● **Data for processing**:
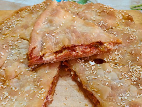 Τη ζύμη που προεξέχει από το ταψί την παίρνουμε την πλάθουμε σε μπάλα και ανοίγουμε άλλα δύο μικρότερα φύλλα τα οποία τα απλώνουμε από πάνω λαδωμένα μεταξύ τους. Πασπαλίζουμε με σουσάμι. Ψήνουμε στους 180 βαθμούς Κελσίου, στον αέρα μέχρι να ροδίσει.
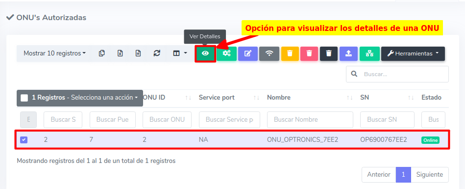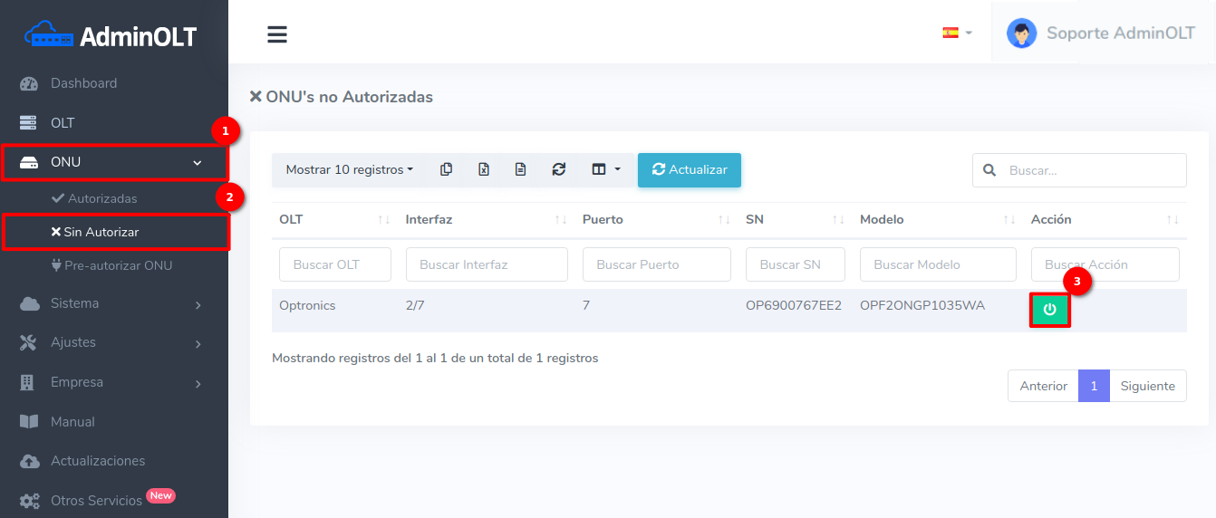 1Para ver los dispositivos que aún no han sido autorizados, debemos dirigirnos a la sección ONU > Sin Autorizar y seleccionar alguna ONU disponible.
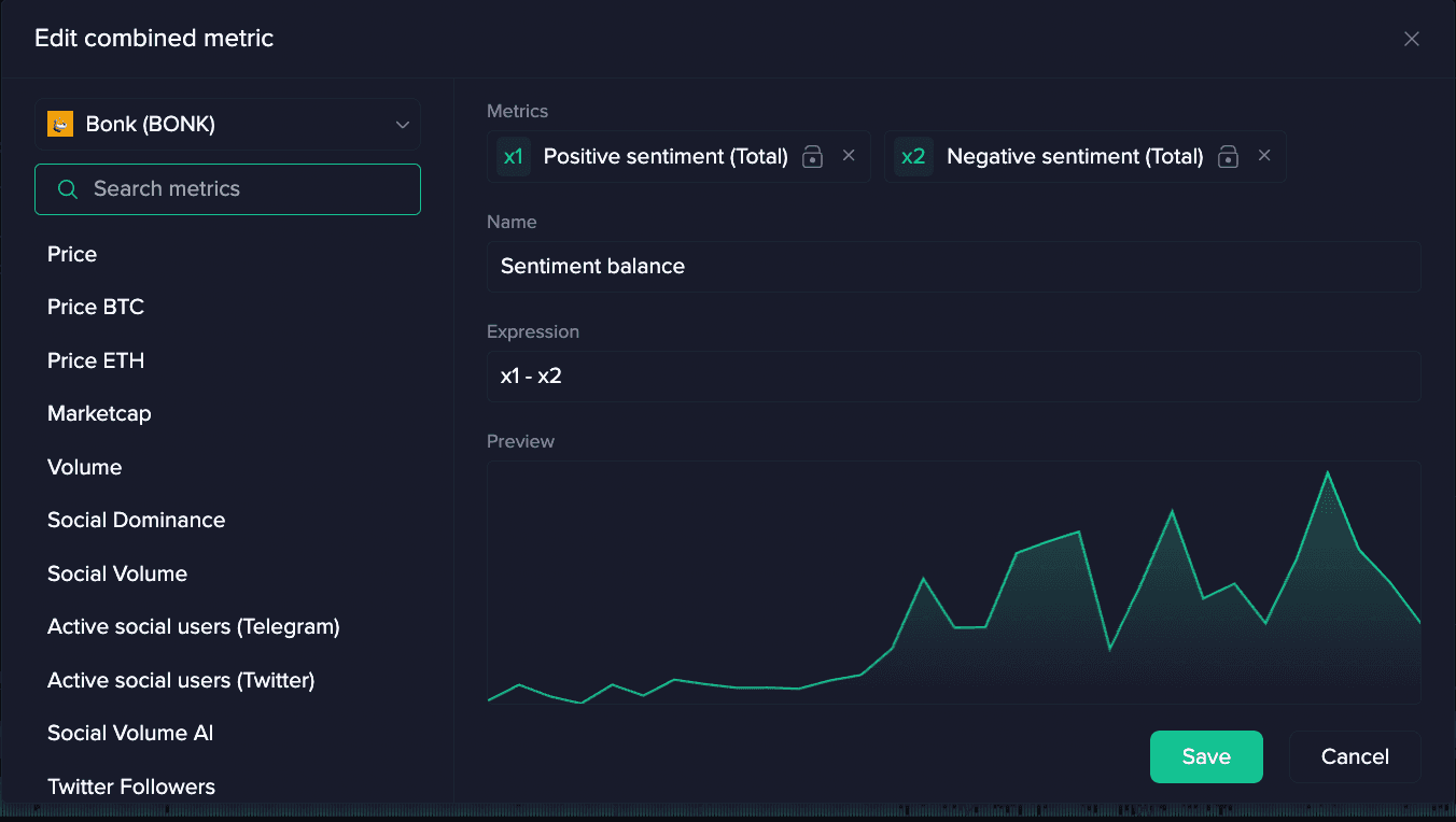 - All standard Santiment social metrics , including social volume, sentiment, and crowd greed & fear indicators, providing a 360Β° view of market participant psychology.
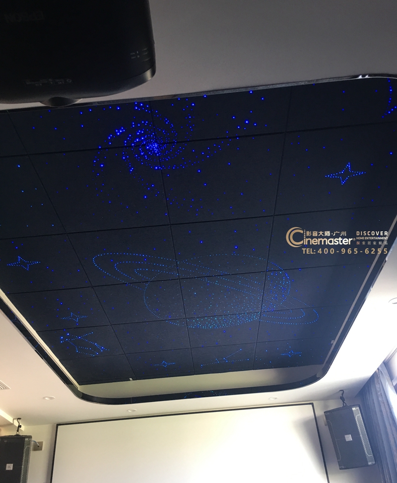 天花定制星空頂造型,星空圖案可以根據自己喜歡的圖案定制,星空使用的材料也可以起到一定的吸音作用,星空會自動變幻顏色
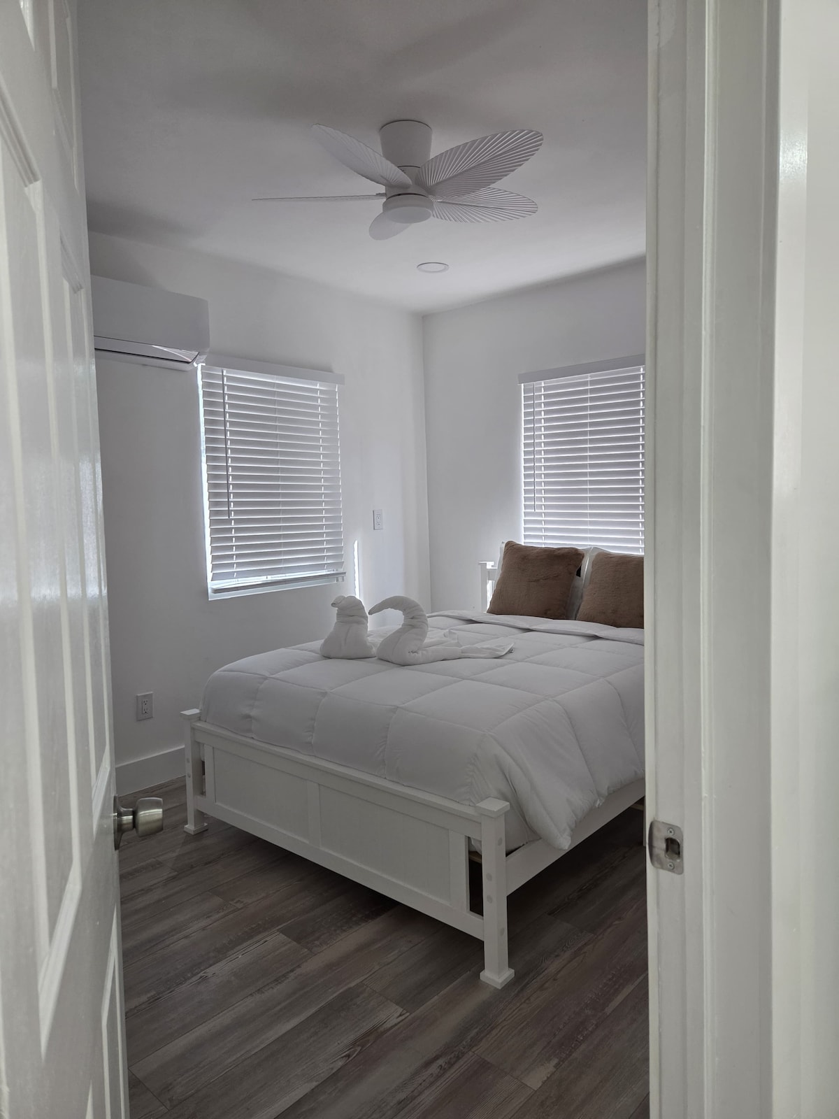 Cozy and complete 2-bedroom apartment on the second floor, ideal for up to 4 guests. Includes 2 queen beds, 1 bathroom, and a small kitchen with basic hotel-style utensils. No living room. Just 7 min from the airport and 20 min from the beach. Safe, central area with restaurants, gas station, supermarket, and pharmacy within 5 min walking. Private parking in front of the house.
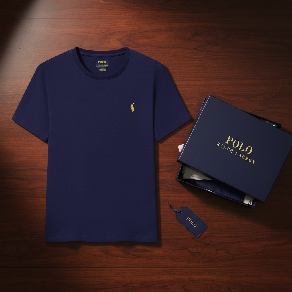 Ralph Lauren Polo navy blue cotton T-shirt with classic crew neck and signature embroidered pony logo, perfect for casual and stylish everyday wear.
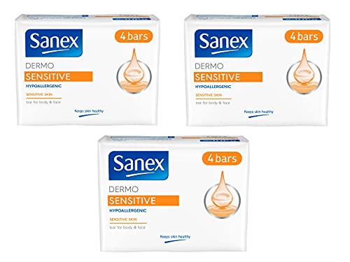 Sanex, saponette Dermo Sensitive, 90 g cad., per la pelle sensibile di corpo e viso, 12 pezzi
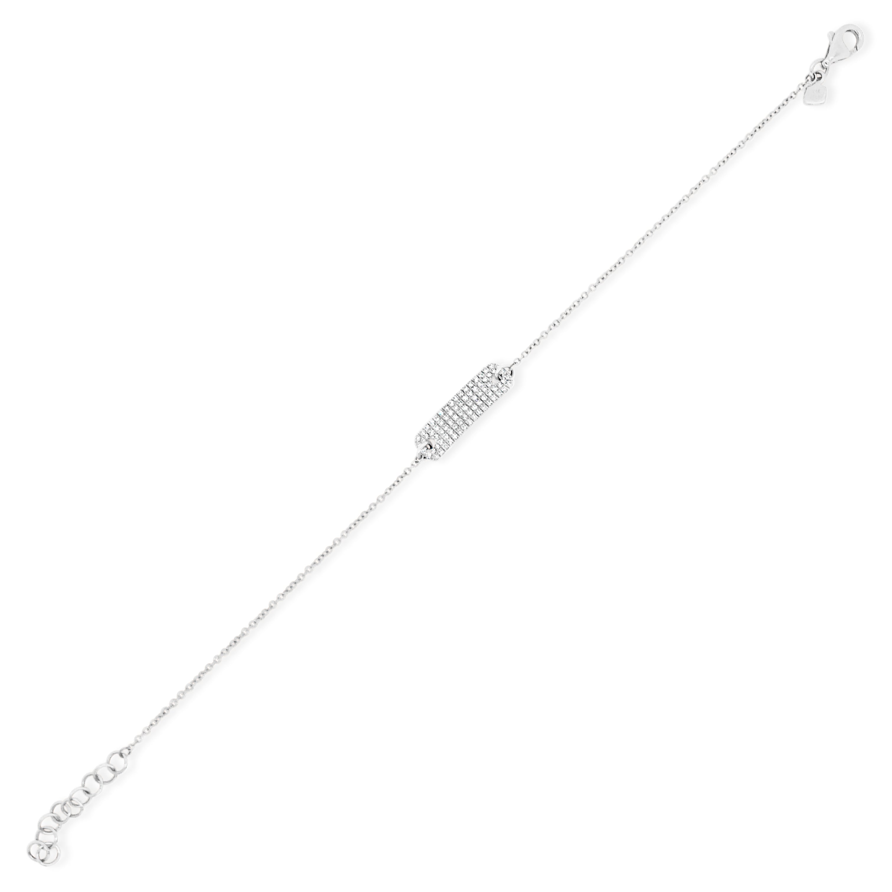 An elegant diamond-studded rectangle dazzles on a dainty cable chain. This beautiful yet simple bracelet is the perfect piece to wear on its own or stacked with other bracelets.
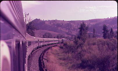 The route over Evaro Hill joined ours and it amazed me that two days ago, you could not see the mountains we went through when we climbed that hill. The Montana Daylight made its way through a few cuts to reach De Smet, where we rejoined the line we left yesterday, which ended my new mileage. I returned to the dome car for the rest of the journey into Missoula.
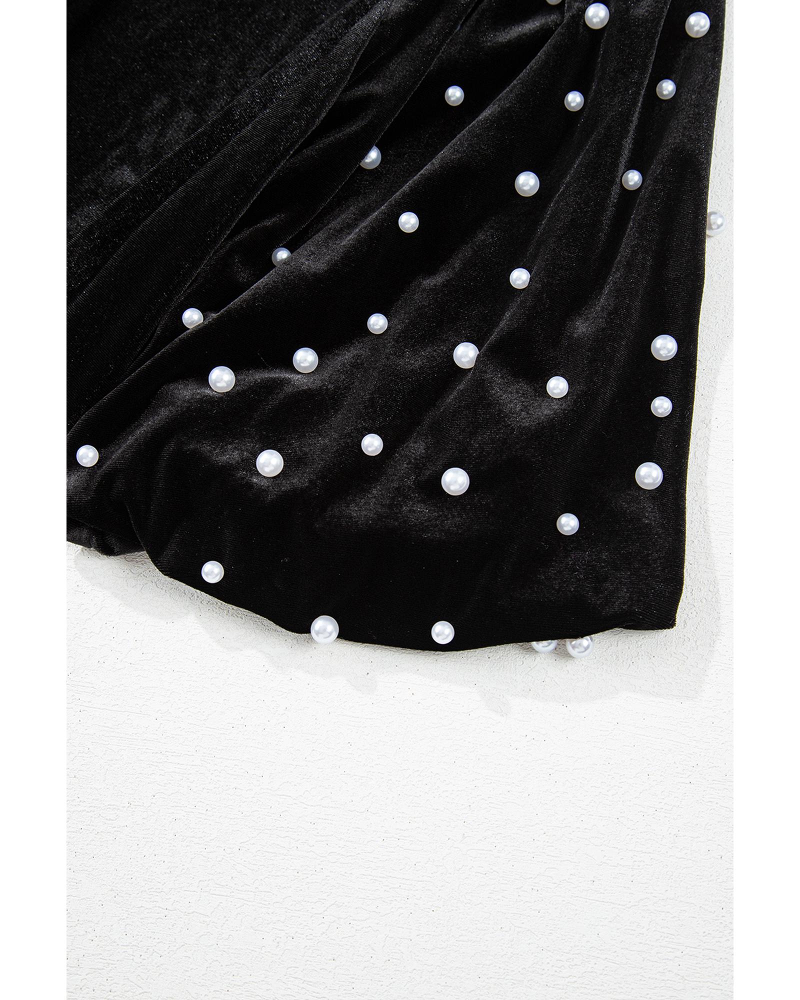 Black Pearl Beaded Half Sleeve Velvet Top – S

● **Problem to solve**: Would you repeat exactly, and only, the lines from the start of the records above through the line containing "天花定制星空頂造型,星空圖案", with the pictures omitted?

● **Reply**:
 Τη ζύμη που προεξέχει από το ταψί την παίρνουμε την πλάθουμε σε μπάλα και ανοίγουμε άλλα δύο μικρότερα φύλλα τα οποία τα απλώνουμε από πάνω λαδωμένα μεταξύ τους. Πασπαλίζουμε με σουσάμι. Ψήνουμε στους 180 βαθμούς Κελσίου, στον αέρα μέχρι να ροδίσει.
 1Para ver los dispositivos que aún no han sido autorizados, debemos dirigirnos a la sección ONU > Sin Autorizar y seleccionar alguna ONU disponible.
 - All standard Santiment social metrics , including social volume, sentiment, and crowd greed & fear indicators, providing a 360Β° view of market participant psychology.
 天花定制星空頂造型,星空圖案可以根據自己喜歡的圖案定制,星空使用的材料也可以起到一定的吸音作用,星空會自動變幻顏色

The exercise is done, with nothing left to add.